## [RECORDS SUPPLIED]
__________________________________________________

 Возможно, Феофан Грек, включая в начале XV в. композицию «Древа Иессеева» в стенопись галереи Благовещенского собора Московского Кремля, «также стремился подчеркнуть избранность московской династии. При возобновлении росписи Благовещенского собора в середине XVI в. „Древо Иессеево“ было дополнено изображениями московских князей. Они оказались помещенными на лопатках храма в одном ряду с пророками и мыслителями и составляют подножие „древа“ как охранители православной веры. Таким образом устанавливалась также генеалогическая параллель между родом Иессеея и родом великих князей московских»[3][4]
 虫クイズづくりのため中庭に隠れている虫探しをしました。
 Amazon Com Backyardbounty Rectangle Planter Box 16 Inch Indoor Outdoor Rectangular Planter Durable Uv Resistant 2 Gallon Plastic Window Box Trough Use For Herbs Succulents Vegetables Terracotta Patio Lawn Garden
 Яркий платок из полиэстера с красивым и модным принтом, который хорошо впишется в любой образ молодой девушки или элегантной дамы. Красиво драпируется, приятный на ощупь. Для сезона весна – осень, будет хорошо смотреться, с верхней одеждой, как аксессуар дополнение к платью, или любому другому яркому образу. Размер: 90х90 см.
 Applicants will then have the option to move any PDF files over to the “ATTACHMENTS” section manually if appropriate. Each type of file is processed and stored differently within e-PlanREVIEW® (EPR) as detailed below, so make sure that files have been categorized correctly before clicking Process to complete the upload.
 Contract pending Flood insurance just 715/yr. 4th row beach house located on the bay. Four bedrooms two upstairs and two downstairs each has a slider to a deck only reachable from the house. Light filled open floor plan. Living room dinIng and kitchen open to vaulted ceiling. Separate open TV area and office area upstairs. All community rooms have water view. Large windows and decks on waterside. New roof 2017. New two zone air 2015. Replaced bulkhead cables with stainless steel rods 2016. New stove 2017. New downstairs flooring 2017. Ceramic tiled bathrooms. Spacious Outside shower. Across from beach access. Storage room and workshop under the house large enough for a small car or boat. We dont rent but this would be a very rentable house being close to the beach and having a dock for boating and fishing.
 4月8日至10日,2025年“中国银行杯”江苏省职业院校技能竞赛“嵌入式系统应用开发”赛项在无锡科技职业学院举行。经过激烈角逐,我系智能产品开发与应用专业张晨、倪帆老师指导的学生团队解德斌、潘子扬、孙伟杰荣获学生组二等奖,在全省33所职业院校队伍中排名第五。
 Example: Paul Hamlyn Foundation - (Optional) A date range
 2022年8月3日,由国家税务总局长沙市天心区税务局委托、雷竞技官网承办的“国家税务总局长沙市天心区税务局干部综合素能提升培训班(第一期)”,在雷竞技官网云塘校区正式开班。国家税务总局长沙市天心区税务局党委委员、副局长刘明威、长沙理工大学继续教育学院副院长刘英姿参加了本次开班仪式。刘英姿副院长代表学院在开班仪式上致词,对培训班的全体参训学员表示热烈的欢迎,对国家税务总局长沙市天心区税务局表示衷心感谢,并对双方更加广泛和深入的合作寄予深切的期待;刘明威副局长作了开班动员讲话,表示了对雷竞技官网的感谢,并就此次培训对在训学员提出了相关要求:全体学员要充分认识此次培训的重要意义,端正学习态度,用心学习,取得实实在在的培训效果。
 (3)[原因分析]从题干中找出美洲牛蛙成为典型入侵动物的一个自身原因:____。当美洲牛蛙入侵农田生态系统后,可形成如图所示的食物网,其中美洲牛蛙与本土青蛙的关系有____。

__________________________________________________

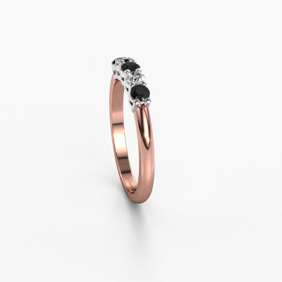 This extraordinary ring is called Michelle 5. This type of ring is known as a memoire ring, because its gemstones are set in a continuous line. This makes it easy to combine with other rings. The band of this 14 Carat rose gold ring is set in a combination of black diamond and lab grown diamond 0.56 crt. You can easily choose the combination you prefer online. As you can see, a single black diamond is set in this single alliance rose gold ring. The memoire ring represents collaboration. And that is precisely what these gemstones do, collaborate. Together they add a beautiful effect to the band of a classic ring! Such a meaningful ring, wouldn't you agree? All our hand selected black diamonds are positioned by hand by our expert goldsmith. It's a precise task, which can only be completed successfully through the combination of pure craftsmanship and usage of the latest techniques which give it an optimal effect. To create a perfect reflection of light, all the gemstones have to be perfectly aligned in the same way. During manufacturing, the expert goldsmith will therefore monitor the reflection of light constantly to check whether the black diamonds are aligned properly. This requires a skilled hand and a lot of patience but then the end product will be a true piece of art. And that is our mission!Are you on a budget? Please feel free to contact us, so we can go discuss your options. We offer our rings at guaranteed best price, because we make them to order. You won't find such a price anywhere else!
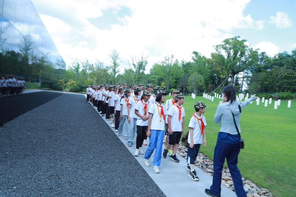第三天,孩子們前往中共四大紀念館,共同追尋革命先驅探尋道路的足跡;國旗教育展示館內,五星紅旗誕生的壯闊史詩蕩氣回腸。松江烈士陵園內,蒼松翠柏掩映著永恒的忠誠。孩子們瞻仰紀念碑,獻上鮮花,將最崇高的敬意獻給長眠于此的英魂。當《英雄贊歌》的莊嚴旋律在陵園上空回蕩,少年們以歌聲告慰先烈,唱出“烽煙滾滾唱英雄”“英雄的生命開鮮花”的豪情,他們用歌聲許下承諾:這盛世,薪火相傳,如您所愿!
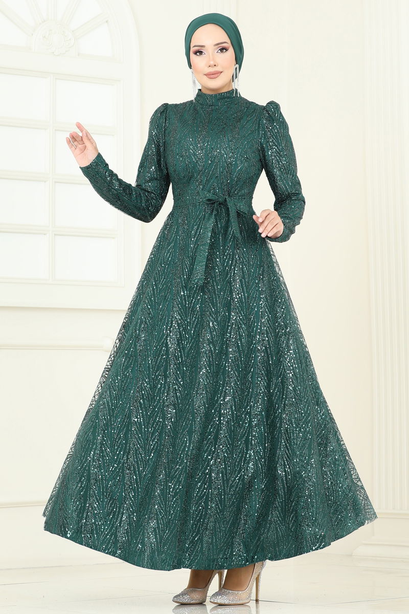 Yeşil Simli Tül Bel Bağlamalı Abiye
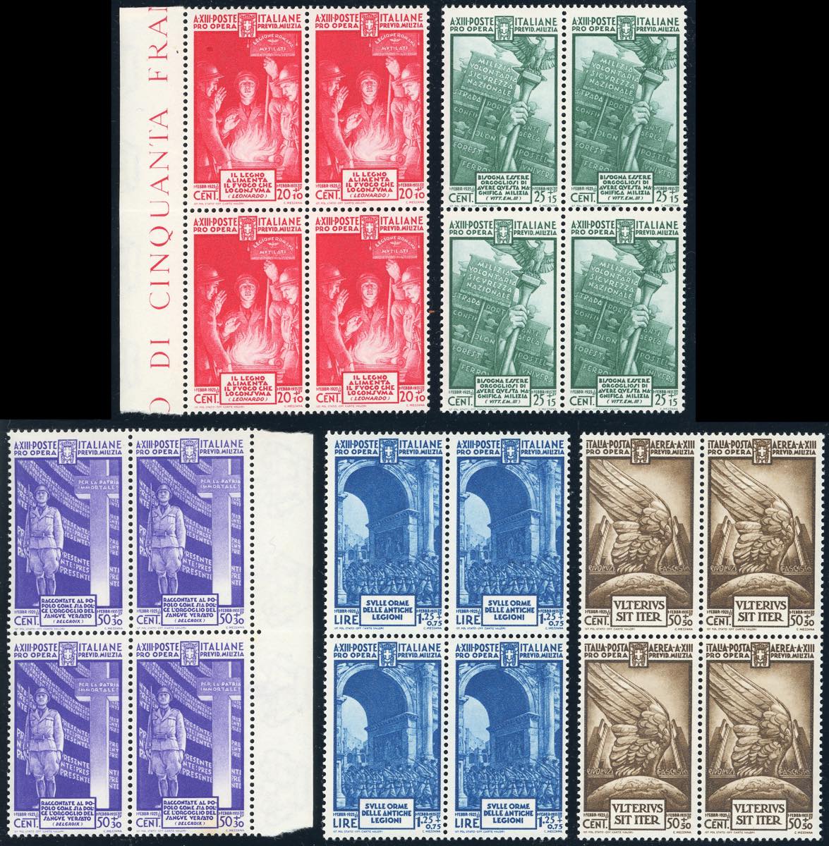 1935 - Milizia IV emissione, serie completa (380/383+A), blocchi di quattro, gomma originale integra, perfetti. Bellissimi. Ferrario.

__________________________________________________

## [WORK INSTRUCTIONS]
Please transcribe exactly the lines above from the line that has "虫クイズづくりのため中庭に隠れている虫探しをしました。" up to and including the line that has "Яркий платок из"; no other line belongs in the answer.

## [YOUR SOLUTION]
 虫クイズづくりのため中庭に隠れている虫探しをしました。
 Amazon Com Backyardbounty Rectangle Planter Box 16 Inch Indoor Outdoor Rectangular Planter Durable Uv Resistant 2 Gallon Plastic Window Box Trough Use For Herbs Succulents Vegetables Terracotta Patio Lawn Garden
 Яркий платок из полиэстера с красивым и модным принтом, который хорошо впишется в любой образ молодой девушки или элегантной дамы. Красиво драпируется, приятный на ощупь. Для сезона весна – осень, будет хорошо смотреться, с верхней одеждой, как аксессуар дополнение к платью, или любому другому яркому образу. Размер: 90х90 см.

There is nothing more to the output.